In the end, Lee builds to a beautifully satisfying climax, a chain-reaction of exceptional catharsis that crashes into cold reality. What does this investigation, so entertainingly recounted, ultimately reveal? Nothing that couldn't have been easily known before. What did it prevent? Not much, as no matter the outcome for these individual characters, the core KKK ideas remained very much intact, ready to rear their ugly head through all manner of recurring racist policies, politicians, and violence over the forty years since. The film allows small victory, but ends its fiction with the sign of a burning cross out the window, two characters approaching in a trademark Lee double-dolly shot, drawn inevitably into the future where racism must always be confronted. Once the fight has begun, one must remain ever vigilant. A key sequence intercuts a Klan rally induction with black activists listening as an elder statesman (Harry Belafonte) movingly, harrowingly tells of a lynching he witnessed as a boy.
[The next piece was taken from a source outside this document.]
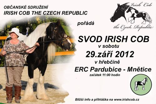 Občanské sdružení Irish Cob the Czech Republic pořádá v sobotu 29. září v areálu Equinního reprodukčního centra v Mněticích u Pardubic svod irských kobů, který začíná v 11 hodin. Bližší informace a přihlášky na www.irishcob.cz.

Two groups engaged with their history, one finding comfort and fervor in racist lies of imagined grievance told to maintain a false sense of power over others, the other emboldened to pay respect to the true violence done to their ancestors (not even that far back--their grandparents, their parents, themselves) by claiming a right to shared power and equality. In dramatizing this struggle, Lee finds great humor and suspense along the way, but leaves us with the cold realization that small victories, be it for a black undercover Klansman or for the Union army, can always be undermined. Sure enough, look at the news. This, Lee says, is an emergency. BlacKkKlansman makes fiction out of the past to begin to right (and write and write) the wrongs left by fictions past.